Instructions to follow —
Keep to one stretch of the data below, the lines from the one with "The concentrations of" up to and including the one with "Eine wohnliche Holztreppe", and return that stretch exactly.

(Provided records begins)

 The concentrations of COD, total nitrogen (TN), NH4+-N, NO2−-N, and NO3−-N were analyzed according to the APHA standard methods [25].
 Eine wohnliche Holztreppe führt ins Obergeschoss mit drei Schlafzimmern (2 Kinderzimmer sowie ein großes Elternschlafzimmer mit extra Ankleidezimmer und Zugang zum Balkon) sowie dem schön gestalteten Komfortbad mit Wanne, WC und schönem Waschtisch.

(Provided records ends)
(Provided records begins)

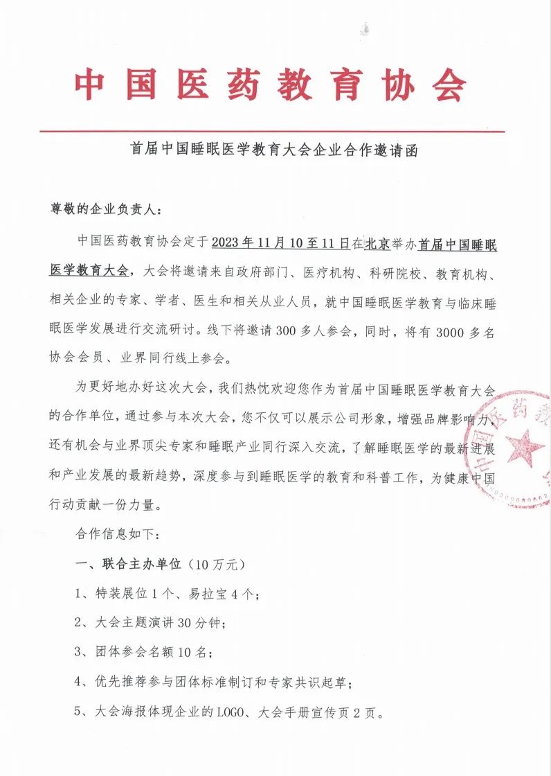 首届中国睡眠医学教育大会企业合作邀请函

(Provided records ends)

Written reply —
 The concentrations of COD, total nitrogen (TN), NH4+-N, NO2−-N, and NO3−-N were analyzed according to the APHA standard methods [25].
 Eine wohnliche Holztreppe führt ins Obergeschoss mit drei Schlafzimmern (2 Kinderzimmer sowie ein großes Elternschlafzimmer mit extra Ankleidezimmer und Zugang zum Balkon) sowie dem schön gestalteten Komfortbad mit Wanne, WC und schönem Waschtisch.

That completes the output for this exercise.